Sorry to hear that you seem to having some database problems here.  There are two ways I can see that might allow you to recover this data.   One is if you had a postgres backup of that database, you could just restore this database backup to another 9.3 postgres instance and then simply edit your $CONFHOME/confluence.cfg.xml file in order to point your Confluence instance to this new database location.  Then you can just start up confluence and it will work with this new database location.

If you don't have a database backup made with postgres database tools, then the other option would be to try to restore this data from an XML backup that might have been created automatically on the system.   The complete steps to follow in this case are explained in Migrating to another database.   By default Confluence is storing these (if enabled) in the $CONFHOME/backup/ folder.   This method is not always recommended for large environments, but it might be able recover your data.  You would still need to first create a new database as in Database setup for PostgreSQL.

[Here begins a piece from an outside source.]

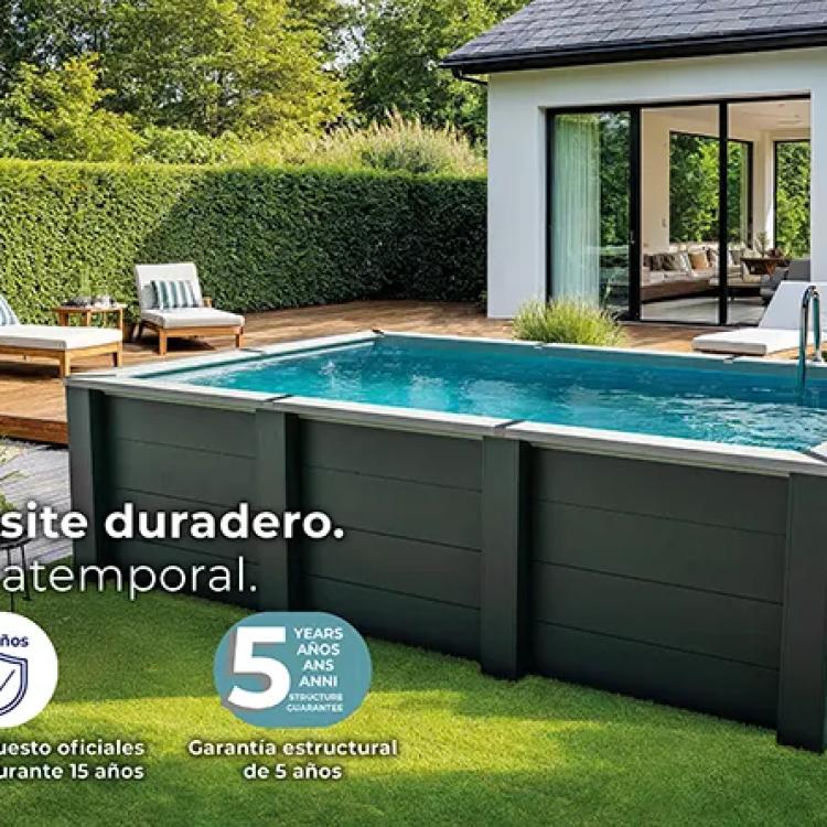 Piscină din material compozit Gre Avantgarde Nova, de formă dreptunghiulară, cu dimensiunile de 455 x 315 cm.
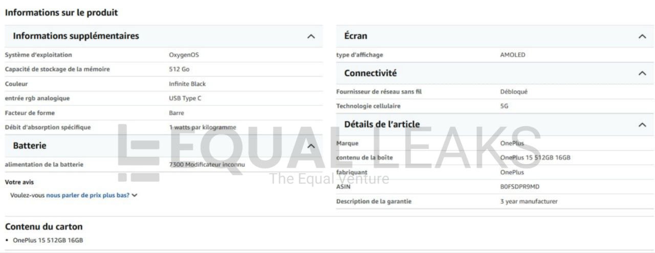 Inoltre, un primo annuncio da Amazon Francia - individuato da Equal Leaks - indica che la versione globale di OnePlus 15 manterrà la stessa capacità della batteria da 7.300 mAh del modello cinese. La stessa fonte ha anche individuato un annuncio per il modello OnePlus 15 da 16 GB di RAM + 512 GB su Amazon UK con un prezzo di 949 sterline. Ci si può aspettare anche una versione più economica con 12GB di RAM + 256GB di storage, nonché una variante top con fino a 1TB di storage.

These steps don't really address the problems though with the existing SQL instance, instead these steps are really focused on just getting Confluence back up and working with your data.

Brian Willmert October 12, 2017

@Andy Heinzer, Thank you for the suggestions, it really helped.  I'm writing out my entire process in case anyone else searches for a similar problem.

After much troubleshooting with postgres, I simply could not do anything with it.  I found other forums with suggestions of doing a pg_resetxlog.  I had to install another package (postgre-xc I think it was) in order for resetxlog to work. This did give results as I didn't see failures during startup anymore, and I was able to restart postgresql service without errors.  It was suggested that after running this resetxlog, I should do a dump and restore of the database to clear out any potential problems in the database.  However, this wouldn't work because I was then getting errors saying that the role postgres didn't exist.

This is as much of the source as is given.